O Último Dia de Um Condenado

Em 1997 o nosso grupo resolveu tentar responder a um desafio: pegar num texto de importância histórica de Victor Hugo - «O Último Dia de um Condenado» e fazer com ele uma peça actual para Cabo Verde. Quando foi apresentada na cidade da Praia, um espectador escreveria, espantado: «Foi uma agradável surpresa descobrir que em Cabo Verde há quem faça teatro de tão boa qualidade».

Para quem vê o sol
“nascer aos quadradinhos”.
Texto inserido no programa da peça «O Último Dia de Um Condenado»


Esta é acima de tudo, uma peça sobre homens que, justa ou injustamente, se viram privados da sua liberdade. Resolvemos por isso, juntar um texto poético e de elevada carga dramática, escrito num contexto histórico passado, estóreas de presidiários actuais, feitas depois de uma investigação realizada na penitenciária de S. Vicente. São duas realidades concretas que se confrontam e se misturam, dois contextos diferentes cujos valores se confundem, duas culturas, duas línguas, um mesmo drama: o presídio, a condenação, a privação da liberdade.
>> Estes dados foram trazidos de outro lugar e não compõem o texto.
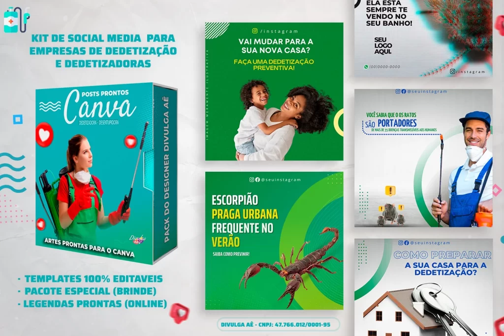 🎁 Conheça o Pack Exclusivo para Empresas de Dedetização, Dedetizadoras e Desentupidoras, com mais de 310 Posts Editáveis incríveis, feitos sob medida para o seu negócio! 🐜🚽 Simplifique sua comunicação e atraia o engajamento dos seus clientes com templates prontos e personalizáveis, elaborados especialmente para empresas do setor de dedetização e desentupimento. Com a facilidade do Canva e uma conta gratuita, você poderá editar os templates em poucos segundos!

Para criar uma maior dinâmica no espectáculo, e para tornar o próprio texto de Victor Hugo mais atractivo para o público cabo-verdiano, criaram-se dois mundos distintos: um do final do séc. XVIII, com personagens que falam um português de elevada carga dramática e poética (oriundo do texto de Victor Hugo), e onde se relatam os últimos pensamentos de um condenado à morte cuja sentença se irá executar no final (através dessa terrível máquina da morte que foi a guilhotina, e que estará presente na cenografia), e onde está bem patente o gênio da escrita de Victor Hugo; um outro, actual, dos anos 90, onde contracenam prisioneiros cabo-verdianos, com suas histórias do quotidiano (escritas a partir de uma série de entrevistas que foram feitas a vários prisioneiros e ex-prisioneiros de delito comum da Cadeia Civil de S. Vicente) e cujo texto é dito em crioulo. São estes dois mundos que se cruzam, se alternam e, numa das cenas, se relacionam. Com efeito, existe na obra original de Victor Hugo, um importante diálogo entre o condenado/protagonista e um preso de delito comum (da época); o que foi feito foi adaptar o texto do prisioneiro à actualidade cabo-verdiana e temos então um curioso diálogo entre um condenado do séc. XVIII e um outro de 1997, um falando em português, o outro respondendo-lhe em crioulo! As pequenas histórias (ou estóreas) do quotidiano actual de uma cadeia em Cabo Verde que se intercalam com a acção do protagonista são também uma oportunidade para fazer uma crítica, por vezes bastante dura, a certas realidades sociais. Os personagens-tipo são o reflexo disso mesmo. Com uma linguagem que, podendo chocar os mais sensíveis, não deixará de ser um espelho de uma realidade muito concreta: aquela que caracteriza o dia a dia de presidiários de delito comum. Temos assim neste espectáculo um Condenado dos finais do séc. XVIII que se cruza com um Homossexual, um Devoto, um Vitimado, um Revolucionário, um Degolador, um Mudo, um Delinquente, e uma Mulher que lhe entra num sonho vestida de enfermeira para lhe mostrar o quanto a vida é bela, o que acaba por funcionar como uma terrível armadilha pois é essa mesma vida que por lei dos Homens lhe vai ser retirada.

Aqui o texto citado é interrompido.